Какова роль работы в нашей жизни? Именно такую проблему поднимает Распутин в данном тексте.

Рассуждая над этим вопросом, автор "окунает" нас в мысли Ивана Петровича, который раздумывает о том, что человеку нужно для спокойной жизни. Мы видим, что мужчина уверен в том, что одним из важнейших её элементов является работа, не приносящая страданий. Она, в первую очередь, нужна для достатка, однако не только материального, но и духовного. Писатель отмечает, что работа, которая не удовлетворяет идеальных потребностей человека, не даст спокойствия.

Продолжая свои рассуждения о важности труда, автор подчёркивает, что "работа — это то, что остаётся после тебя". Тем самым он имеет в виду, что труд является частью нашей истории, ведь человек рано или поздно умрёт, а его работа, если была полезна, будет жить дальше.

Писатель относится к труду с уважением, более того, он утверждает, что работа является одной из четырёх подпорок в жизни человека.

Распутин считает, что работа играет важную роль в нашем существовании, ведь с её помощью человек получает материальный и духовный достатки, а также она остаётся потомкам.

Я полностью согласен с мнением автора, ведь, действительно,людей сложно представить без какой-либо деятельности. Неспроста говорят, что труд сделал из обезьяны человека. Степень важности работы люди поняли уже давно. Так великий учёный Ломоносов всю свою жизнь усердно трудился. Это приносило ему деньги, а также моральное удовлетворение, так как он по-настоящему любил свою работу. Однозначно можно сказать, что она не была бессмысленной: прошло более двухсот лет со дня смерти Михаила Васильевича, а его труды всё ещё живы.

Таким образом, люди не способны существовать без работы. Она является крайне значимой частью жизни каждого из нас.

Все чаще и дотошней, решившись на переезд, стал раздумывать Иван Петрович: что надо человеку, чтобы жить спокойно? Если есть у него работа, на которую он не смотрит как на каторгу, и семья, к которой его тянет, – что требуется еще, чтобы, проснувшись ненароком ночью, не чаял он дождаться утра для желанной подвижки?

Начать с достатка… Достаток – да, он надобен, без него человек начинает хлябать, как отошедшая от мяса кость. Но достаток – это не только запас в себя, на себя и за себя, не только то, что требуется сегодня и потребуется завтра для удовлетворения живота, а также для удовлетворения самому выйти и другим нос утереть. Когда бы так, до чего бы все было просто.
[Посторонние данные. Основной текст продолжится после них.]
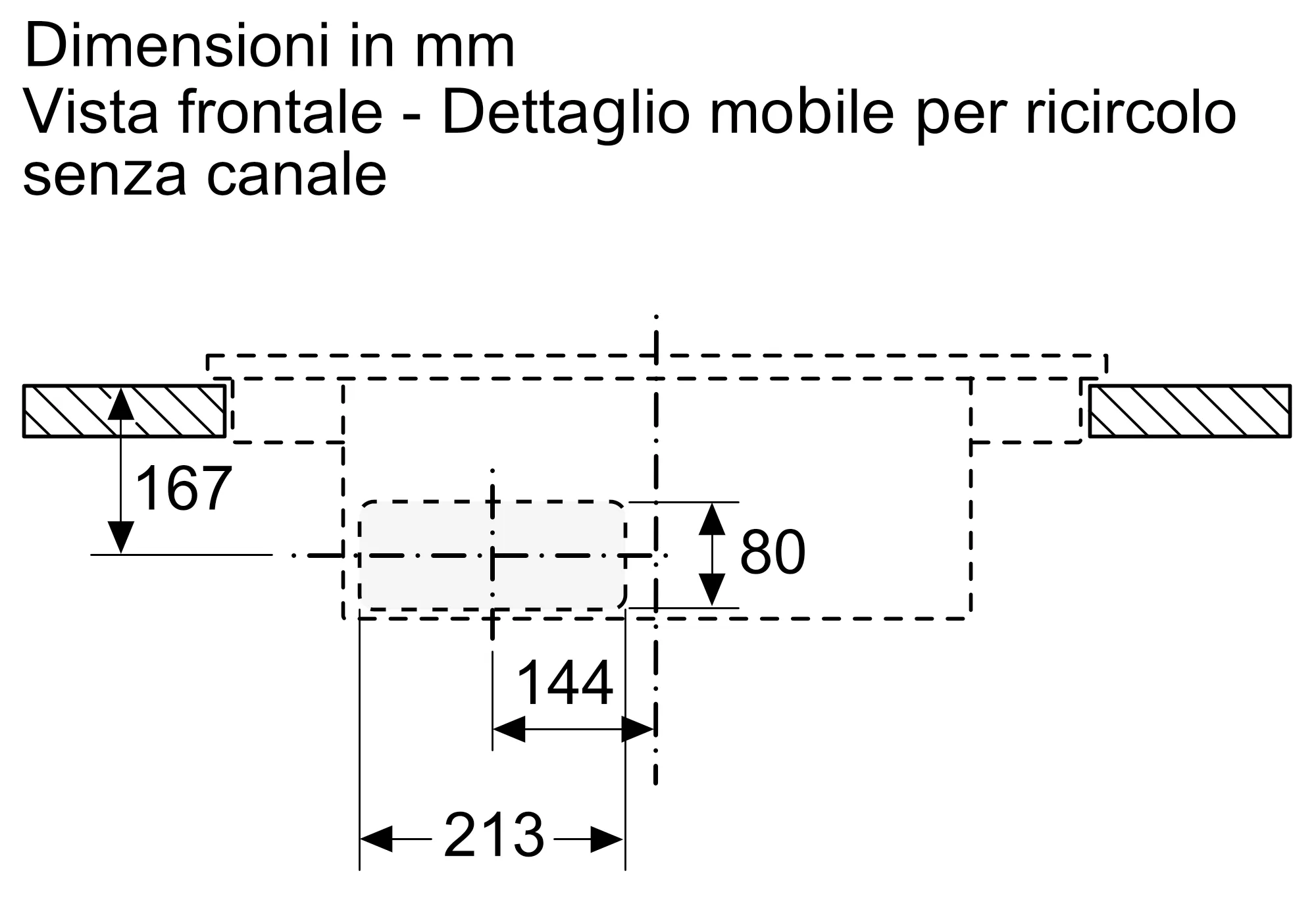 - L'installazione a ricircolo non canalizzato richiede un'apertura verticale di min. 25mm dietro il pannello posteriore del mobile. Per prestazioni ideali si consiglia un'apertura di 50mm.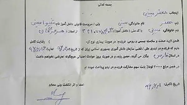 جعلی بودن رضایتنامه منتشر شده پدر دانش آموز هرمزگانی + عکس

Но боров в теплом закутке не может не знать, что его откармливают на мясо, потому что хоть маленькие и заплывшие да есть у него глаза, способные видеть, что работа у тех, кого не на мясо, не только жрать, а жизнь – не одно лишь ожидание жратвы. Человек, окруживший себя целой оравой подспорья, вырабатывающего достаток, обязан иметь внутри этого достатка что-то особое, происходящее из себя, а не из одного лишь хвать-похвать, что-то причинное и контролирующее, заставляющее достаток стыдиться вопреки себе полной своей коробушки.

Ну ладно, о достатке потом.

Не только во имя его превосходительства брюха делается работа. Сколько их, неработающих или едва работающих, набивают брюхо ничуть не хуже, сейчас это легко. Работа – это то, что остается после тебя. Тебя нет, ты уже и сам становишься работой для других, а она долго-долго еще будет напоминать о тебе живущим вслед за тобой. Так говорят. Так оно и есть, тем более, если работа твоя вливается в полезную реку. Есть две реки – с полезным и бесполезным течениями, и какое из них мощней, туда и сдвигается общая жизнь. Но это опять-таки в общем, в каких-то огромных, надчеловеческих понятиях, а что должен испытывать он, чуть свет выезжающий завтра за двадцать и тридцать километров, чтобы привезти за смену свои кубометры древесины? Конечно, уже сам язык: километры, кубометры, древесина – вроде бы должен определять чувства, наталкивая их на рубли. Но это не так. Не совсем так. Не рубли его подстегивают, заставляя перегружать КрАЗ и выкраивать лишний рейс, а сама работа, берущая единым охватом сотни людей. В работе он не помнит что это километры, кубометры и рубли, он возносился над ними в какую-то иную высь, где нет никакой бухгалтерии, а есть лишь движение, ритм и празднество. Там он постоянно двигается попутно, а потому двигаться легко. Чему попутно, он не мог бы сказать, похоже, попутно душе, ее изначальному наклону; там он весь превращается в ответ на чей-то стремительный зов, душа его выструнивается и начинает раскрыто и вольно звучать.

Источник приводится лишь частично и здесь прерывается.